Гейл подумала, что двойное отрицание «никакого лекарства» подошло бы лучше, но решила, что разумней сейчас ее не поправлять.
– Мне бы хоть одного мальчика, те молчат. А четыре девчонки гомонят, как воробьи на дереве, сил никаких нет!
– Бен Кворрел вовсе не молчит. У него рот не закрывается.
– Иди погуляй. Все идите погуляйте. Не хочу никого слышать, хотя бы до завтрака.
Гейл зашаркала к гостиной.
– И сними кастрюли с ног! – скомандовала мать, потянувшись к подоконнику за пачкой сигарет.
Гейл изящно освободила сперва одну, потом другую ногу от кастрюль, изображавших ступни робота.
В гостиной двойняшки играли в «тачку» – Минди держала Мириам за лодыжки, та пыталась идти на руках. За столом над альбомом для рисования склонилась Хезер.
Гейл заглянула сестре через плечо. Разыскала калейдоскоп и навела его на рисунок. Лучше не стало.

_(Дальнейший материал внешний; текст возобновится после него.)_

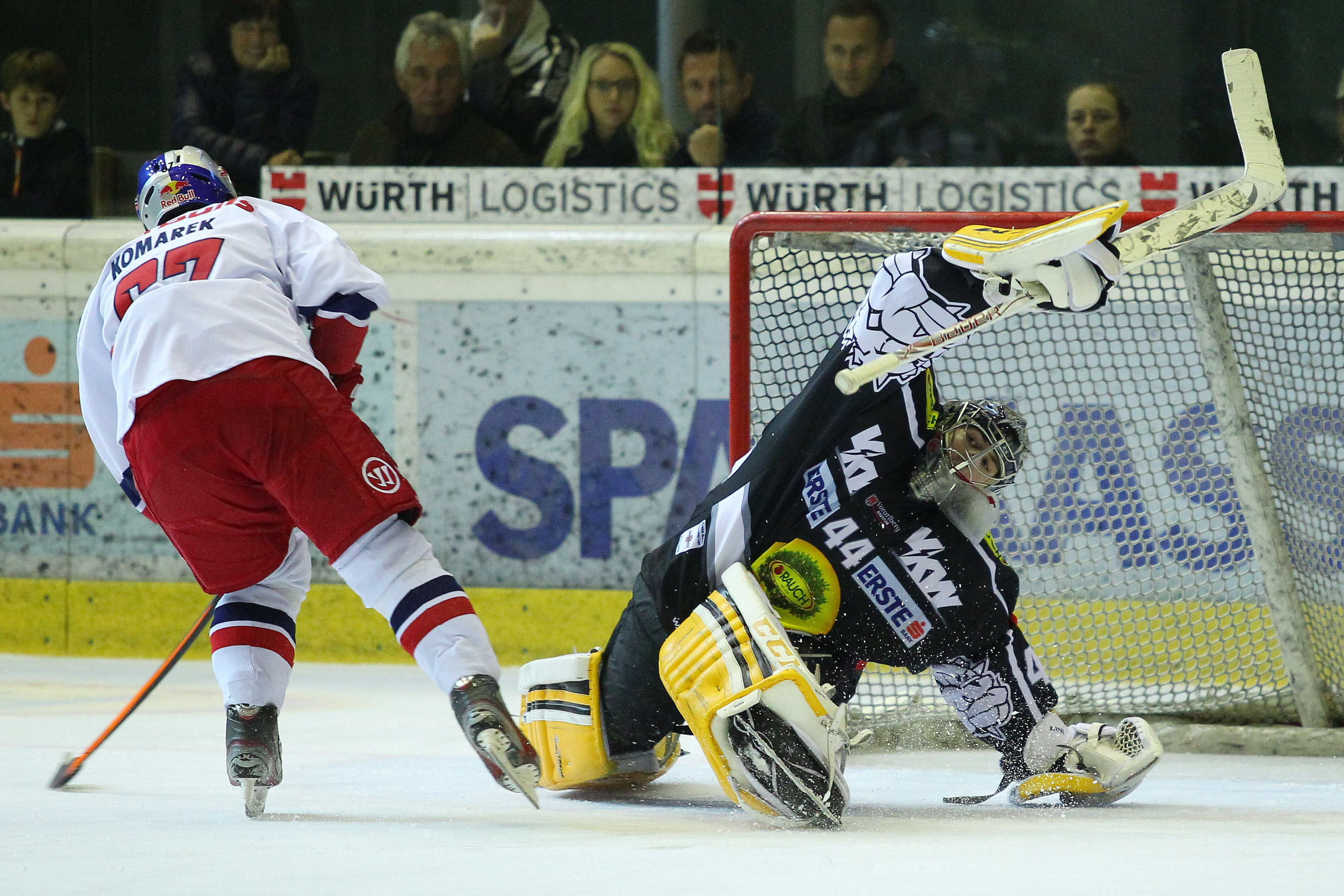 Die Red Bulls waren in den ersten zwei Dritteln die etwas bessere Mannschaft und führten nach 40 Minuten und einem torlosen zweiten Abschnitt mit 2:1. Aber dann kam das Schlussdrittel und das hatte es in sich. Gleich sechs Tore fielen in den letzten 20 Minuten, wenn gleich die Salzburger nach dem Ausgleich der Hausherren in der 41. Minute im 5:3-Powerplay immer in Führung lagen. Nach Brett Sterlings zweitem Tagestor zur 4:2-Führung wurden die Vorarlberger immer stärker und kamen, angetrieben von einem lautstarken Publikum, wieder ran. Danach legte Konstantin Komarek mit einem verwandelten Penalty wieder auf das 5:3 vor, prompt fiel wenig später der neuerliche Anschlusstreffer der Hausherren.

– Может, тебе помочь? Я умею рисовать кошкин нос, – предложила она.
– Это не кошка.
– Да? А кто?
– Пони.
– А почему розовый?
– Потому что мне так нравится. Розовый красивей, чем обычные лошадиные цвета.
– Никогда не видела лошадь с такими ушами. Пририсуй лучше усы, и пусть будет кошка.
Хезер смяла рисунок и вскочила, опрокинув стул.
В ту же секунду Минди впечатала Мириам в угол кофейного столика. Та взвизгнула и схватилась за голову, а сестра бросила ее ноги с грохотом, от которого содрогнулся весь дом.
– Хватит швыряться стульями! – проорала, ворвавшись из кухни, мать. – Почему с самого утра все швыряют стулья? Как мне, черт побери, еще просить, чтобы вы унялись, наконец?!
– Это Хезер! – крикнула Гейл.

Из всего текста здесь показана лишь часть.